Чуть в стороне кормятся чирки. Эти головы у самого берега в воду сунули, ил через клювы процеживают и таскают на завтрак всевозможные корешки. Поели, на берег выбрались, друг на дружку головы положили и уснули. Ну и пусть спят. Им к ночи снова в путь отправляться.
Кулики тоже наелись, спустились к перекату и принялись купаться. Перья на себе взъерошили, крылья расставили и бултых в воду. Вынырнули и заплескались. Машут головами, крутят шеями, трясут крыльями. Только брызги в стороны летят. И, кажется, такое блаженство испытывают, словно сто лет воды не видели.
Закончили кулики купаться, домываться стали. Зачерпывают клювиками воду и промывают перышки на груди, животе, под крыльями. Серьезные, ужас!
Но вот, кажется, помылись. С легким паром вас! Пора бы и отдохнуть. Рядом сухой берег, трава. Выбирайся из канавы и спи себе на здоровье. Так нет же. Гляжу, самый крайний что-то по перекату высматривает. Отыскал лежащий под водой камушек, уцепился за него лапкой и начал укладываться. Голову под крыло сунул, несколько раз качнулся, словно устраивался получше, и задремал. Спит и лапкой за камушек держится. Он плавунчику якорем служит, чтобы во сне водой не унесло.
Так кто, скажите мне, больше воду любит – утки или вот эти плавунчики? Кто из них самые водоплавающие?
Два старичка
Есть у меня два знакомых старичка. Один – Петрович, дворник наш. Как-то я заглянул к нему в гости. Сидит он у окна, чай с брусничным вареньем пьет. Хорошо у него, В печке дрова горят, пощелкивают, на стене часы-ходики минуты отсчитывают, на подоконнике кот умывается.
– Здравствуй, – говорит Петрович. – Молодец, что дорогу не забываешь. Я как увидел, Мурлыка умывается, даже чашку для тебя приготовил. Наливай чаю да садись, отведай моего варенья.

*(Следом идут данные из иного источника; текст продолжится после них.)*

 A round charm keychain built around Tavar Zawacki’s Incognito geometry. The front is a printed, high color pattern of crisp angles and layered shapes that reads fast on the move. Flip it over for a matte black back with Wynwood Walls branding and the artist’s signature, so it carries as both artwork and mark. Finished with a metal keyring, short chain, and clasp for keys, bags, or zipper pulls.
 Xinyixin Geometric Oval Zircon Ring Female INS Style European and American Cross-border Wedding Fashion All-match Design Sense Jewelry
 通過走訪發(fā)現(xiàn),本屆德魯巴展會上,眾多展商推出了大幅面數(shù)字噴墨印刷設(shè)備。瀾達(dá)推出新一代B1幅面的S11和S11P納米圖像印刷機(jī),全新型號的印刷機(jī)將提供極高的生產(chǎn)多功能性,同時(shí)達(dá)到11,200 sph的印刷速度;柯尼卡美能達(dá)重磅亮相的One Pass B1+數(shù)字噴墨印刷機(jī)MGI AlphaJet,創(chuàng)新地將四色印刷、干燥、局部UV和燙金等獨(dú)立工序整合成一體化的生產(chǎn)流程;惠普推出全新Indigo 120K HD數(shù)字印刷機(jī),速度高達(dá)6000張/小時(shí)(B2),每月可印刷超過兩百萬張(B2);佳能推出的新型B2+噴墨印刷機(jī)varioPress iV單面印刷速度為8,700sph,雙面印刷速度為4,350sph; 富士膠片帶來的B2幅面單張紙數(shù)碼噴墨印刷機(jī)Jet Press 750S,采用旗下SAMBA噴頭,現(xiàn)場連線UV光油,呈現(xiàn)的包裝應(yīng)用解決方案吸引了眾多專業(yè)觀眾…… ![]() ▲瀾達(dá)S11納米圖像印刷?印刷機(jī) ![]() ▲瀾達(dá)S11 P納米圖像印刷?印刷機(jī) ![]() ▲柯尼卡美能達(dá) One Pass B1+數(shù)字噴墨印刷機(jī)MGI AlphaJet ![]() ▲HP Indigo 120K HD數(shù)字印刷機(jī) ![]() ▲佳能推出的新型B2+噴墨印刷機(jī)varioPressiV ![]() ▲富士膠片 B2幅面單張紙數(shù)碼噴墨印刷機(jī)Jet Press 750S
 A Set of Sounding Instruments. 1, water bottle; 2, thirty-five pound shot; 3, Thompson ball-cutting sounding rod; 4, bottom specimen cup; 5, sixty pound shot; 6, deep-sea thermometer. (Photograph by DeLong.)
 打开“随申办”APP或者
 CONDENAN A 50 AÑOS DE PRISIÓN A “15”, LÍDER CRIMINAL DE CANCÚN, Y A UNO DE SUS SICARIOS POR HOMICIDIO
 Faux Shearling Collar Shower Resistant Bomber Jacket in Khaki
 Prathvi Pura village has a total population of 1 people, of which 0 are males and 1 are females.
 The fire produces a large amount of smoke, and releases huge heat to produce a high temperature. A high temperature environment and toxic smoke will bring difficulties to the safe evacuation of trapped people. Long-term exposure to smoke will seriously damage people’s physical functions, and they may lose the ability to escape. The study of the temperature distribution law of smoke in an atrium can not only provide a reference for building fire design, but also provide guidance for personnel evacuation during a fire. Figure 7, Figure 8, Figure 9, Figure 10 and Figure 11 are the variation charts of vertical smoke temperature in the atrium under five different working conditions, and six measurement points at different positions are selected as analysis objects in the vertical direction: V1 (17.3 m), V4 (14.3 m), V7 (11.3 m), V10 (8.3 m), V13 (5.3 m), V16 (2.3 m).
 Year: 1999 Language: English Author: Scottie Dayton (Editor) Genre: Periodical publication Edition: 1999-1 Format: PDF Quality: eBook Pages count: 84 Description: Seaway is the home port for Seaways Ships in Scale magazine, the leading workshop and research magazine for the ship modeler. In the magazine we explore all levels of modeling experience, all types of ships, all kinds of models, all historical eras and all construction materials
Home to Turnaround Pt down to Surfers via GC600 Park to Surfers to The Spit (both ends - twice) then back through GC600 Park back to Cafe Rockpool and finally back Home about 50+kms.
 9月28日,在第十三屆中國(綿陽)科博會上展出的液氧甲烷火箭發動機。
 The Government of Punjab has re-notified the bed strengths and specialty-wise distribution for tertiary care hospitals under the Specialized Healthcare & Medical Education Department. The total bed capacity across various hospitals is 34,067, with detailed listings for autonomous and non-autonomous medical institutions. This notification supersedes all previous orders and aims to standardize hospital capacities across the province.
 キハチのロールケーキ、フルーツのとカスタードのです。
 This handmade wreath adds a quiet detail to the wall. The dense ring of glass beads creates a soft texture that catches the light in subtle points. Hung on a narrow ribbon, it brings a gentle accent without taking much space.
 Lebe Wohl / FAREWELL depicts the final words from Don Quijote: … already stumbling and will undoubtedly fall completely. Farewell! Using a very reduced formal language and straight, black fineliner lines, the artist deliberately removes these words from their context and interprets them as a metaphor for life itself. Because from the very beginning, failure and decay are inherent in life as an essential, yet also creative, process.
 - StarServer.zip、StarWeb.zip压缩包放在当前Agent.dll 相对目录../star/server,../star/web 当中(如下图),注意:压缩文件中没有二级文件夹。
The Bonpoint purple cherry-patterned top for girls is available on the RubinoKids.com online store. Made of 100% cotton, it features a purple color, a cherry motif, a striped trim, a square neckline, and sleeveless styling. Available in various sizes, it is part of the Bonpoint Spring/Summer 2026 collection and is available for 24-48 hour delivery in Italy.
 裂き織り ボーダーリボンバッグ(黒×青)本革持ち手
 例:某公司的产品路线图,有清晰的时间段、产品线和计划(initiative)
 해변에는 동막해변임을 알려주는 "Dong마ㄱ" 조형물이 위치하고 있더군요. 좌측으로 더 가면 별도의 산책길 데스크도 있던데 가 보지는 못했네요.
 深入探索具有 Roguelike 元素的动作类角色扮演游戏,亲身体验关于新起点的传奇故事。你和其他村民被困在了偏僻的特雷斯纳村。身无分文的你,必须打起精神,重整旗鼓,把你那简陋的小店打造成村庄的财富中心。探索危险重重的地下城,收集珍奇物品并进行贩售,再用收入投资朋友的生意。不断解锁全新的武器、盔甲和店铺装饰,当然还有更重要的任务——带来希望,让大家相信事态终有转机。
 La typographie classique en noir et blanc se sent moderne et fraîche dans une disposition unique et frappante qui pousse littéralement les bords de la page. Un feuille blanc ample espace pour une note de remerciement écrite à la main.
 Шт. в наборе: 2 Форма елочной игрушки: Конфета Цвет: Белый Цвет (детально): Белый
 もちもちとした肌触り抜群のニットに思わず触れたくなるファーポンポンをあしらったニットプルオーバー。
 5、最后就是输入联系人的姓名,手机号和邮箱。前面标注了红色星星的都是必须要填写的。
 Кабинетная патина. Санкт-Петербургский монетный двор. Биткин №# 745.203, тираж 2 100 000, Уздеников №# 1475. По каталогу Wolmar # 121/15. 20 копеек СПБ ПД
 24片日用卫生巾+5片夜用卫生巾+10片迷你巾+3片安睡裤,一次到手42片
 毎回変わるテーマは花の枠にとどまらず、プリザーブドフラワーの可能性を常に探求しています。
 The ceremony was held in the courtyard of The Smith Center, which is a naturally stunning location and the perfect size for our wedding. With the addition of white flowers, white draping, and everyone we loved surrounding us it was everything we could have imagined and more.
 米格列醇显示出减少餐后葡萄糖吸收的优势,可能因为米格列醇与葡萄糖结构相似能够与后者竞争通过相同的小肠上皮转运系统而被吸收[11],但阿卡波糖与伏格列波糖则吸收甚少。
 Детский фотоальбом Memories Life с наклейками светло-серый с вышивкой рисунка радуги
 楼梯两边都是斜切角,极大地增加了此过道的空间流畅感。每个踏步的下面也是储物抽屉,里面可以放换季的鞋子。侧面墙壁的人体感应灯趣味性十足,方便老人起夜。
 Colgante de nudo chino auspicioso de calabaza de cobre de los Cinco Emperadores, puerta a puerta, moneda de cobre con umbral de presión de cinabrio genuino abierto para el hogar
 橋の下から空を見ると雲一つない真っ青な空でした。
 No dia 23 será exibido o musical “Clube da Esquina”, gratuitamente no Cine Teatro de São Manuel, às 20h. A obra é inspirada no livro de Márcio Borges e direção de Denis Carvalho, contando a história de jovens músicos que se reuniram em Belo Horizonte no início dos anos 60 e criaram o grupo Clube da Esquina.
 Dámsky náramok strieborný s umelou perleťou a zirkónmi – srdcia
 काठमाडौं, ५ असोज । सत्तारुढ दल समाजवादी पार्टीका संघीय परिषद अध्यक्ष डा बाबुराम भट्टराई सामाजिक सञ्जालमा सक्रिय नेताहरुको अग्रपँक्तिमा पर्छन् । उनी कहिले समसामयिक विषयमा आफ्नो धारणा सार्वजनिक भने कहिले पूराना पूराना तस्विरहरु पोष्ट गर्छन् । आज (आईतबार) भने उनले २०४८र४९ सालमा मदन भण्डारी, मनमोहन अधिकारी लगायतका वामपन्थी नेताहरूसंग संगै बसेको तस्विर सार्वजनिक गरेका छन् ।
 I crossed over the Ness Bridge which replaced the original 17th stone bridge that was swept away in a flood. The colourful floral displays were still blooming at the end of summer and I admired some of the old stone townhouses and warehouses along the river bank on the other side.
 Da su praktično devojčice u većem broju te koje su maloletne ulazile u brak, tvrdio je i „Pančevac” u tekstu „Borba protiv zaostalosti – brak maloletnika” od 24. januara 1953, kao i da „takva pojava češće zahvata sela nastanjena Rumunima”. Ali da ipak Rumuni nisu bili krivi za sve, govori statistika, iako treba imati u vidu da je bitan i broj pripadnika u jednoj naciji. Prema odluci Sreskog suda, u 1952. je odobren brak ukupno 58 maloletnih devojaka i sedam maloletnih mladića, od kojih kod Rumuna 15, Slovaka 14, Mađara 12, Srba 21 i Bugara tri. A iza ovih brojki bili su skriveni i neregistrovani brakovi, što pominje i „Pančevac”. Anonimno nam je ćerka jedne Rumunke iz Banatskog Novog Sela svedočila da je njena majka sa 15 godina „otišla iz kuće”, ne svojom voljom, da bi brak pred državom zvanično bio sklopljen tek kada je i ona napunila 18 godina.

Стал я чай наливать, а на плите рядом с кастрюлями лежит камень. Обыкновенный плоский голыш с тарелку величиной.
– Зачем это ты, Петрович, булыжник здесь держишь?
Дворник хитро так прищурился и отвечает:
– Не булыжник это, а доктор мой. Как спина заболит, я камень нагрею, к спине приложу – и все как рукой снимет.
– Но для этого же грелка есть.
– Что мне твоя грелка? Вода да резина. Камень – другое дело. В нем тепло нутреное. И держится долго, и отдается равномерно…
В начале лета приехал я к Васькиным ключам. Пусто там. Все кулики кто куда разлетелись: турухтаны с песочниками в тундру, черныши с кроншнепами в тайгу, хрустаны в сопки.
Подошел я к перекату, и вдруг из-под самых ног зуек-галстучник: «фр-р-р». Метров десять пролетел и сел у воды. Глянул я на землю, а там галстучников гнездо. Вернее, никакого гнезда нет. Просто маленькая ямка, а в ней яички, вперемешку с камушками лежат.
«Вот это лодырь, – подумал я. – Даже камни не убрал. Дай-ка я тебе подсоблю».
Наклонился, один камушек в руку взял, а он теплый, прямо горячий. Тут я и вспомнил Петровича. Да ведь зуек эти голыши специально в гнезде держит. Есть ему захочется, нужно с гнезда слетать. А на Севере лето холодное. Яички вмиг застынут. Вот он эти камушки и приспособил под грелку. Греет кулик яички, а оставит гнездо, камни свое тепло яичкам отдают.
Вот какие мудрые кулики у нас водятся!
– А где же другой старичок? – спросишь ты.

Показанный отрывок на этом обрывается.